The default filter for TXT files is now "Text", unlike the previous default choice of "Text - Choose Encoding" (previously "Text Encoded"). The latter can be chosen manually when opening from LibreOffice's File Open dialog, to allow customizing. Compare to the long-standing request tdf#74580 to skip the dialog when opening CSV.

(In reply to Varga Péter from comment #0)
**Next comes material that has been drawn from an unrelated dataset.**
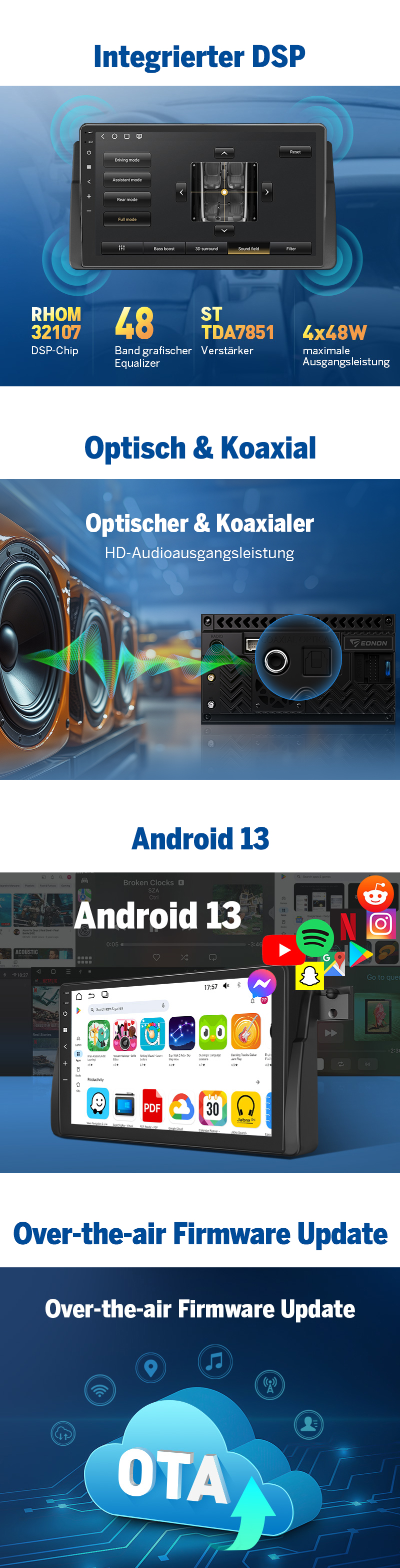 | Sound | DSP + TDA7851, 48-Band EQ, Subwoofer | einfacher Chip, eingeschränkter Klang |

> ... search for ^$ (empty paragraph)
> 4. It works.
> 5. Close file, change it to have CR/LF line endings, for exaple with the
> unix2dos command line tool.
> 6. Repeat steps 2-3.
> 7. Search phrase not found.

This should *not* work. When you open such a file without explicitly saying that CRLF is the paragraph boundary, the file is opened using system line ending convention for paragraph boundaries. Thus, on Linux only LF will be detected, and CR will become a paragraph contents, thus the paragraphs won't be empty (they will include one invisible character, which is e.g. possible to find using \x0D or [:control:] regex; also simple navigating through the document using right arrow key would show that there is one character - the cursor will not travel to th next paragraph immediately after it reached the end of current paragraph, and one more keypress will be needed).
Comment 9 Mike Kaganski 2022-06-01 06:21:09 UTC
FTR: this normal behavior can be also reproduced on Windows, if you open a CRLF text file using "Text - Choose Encoding" filter, and choose "LF" as paragraph break.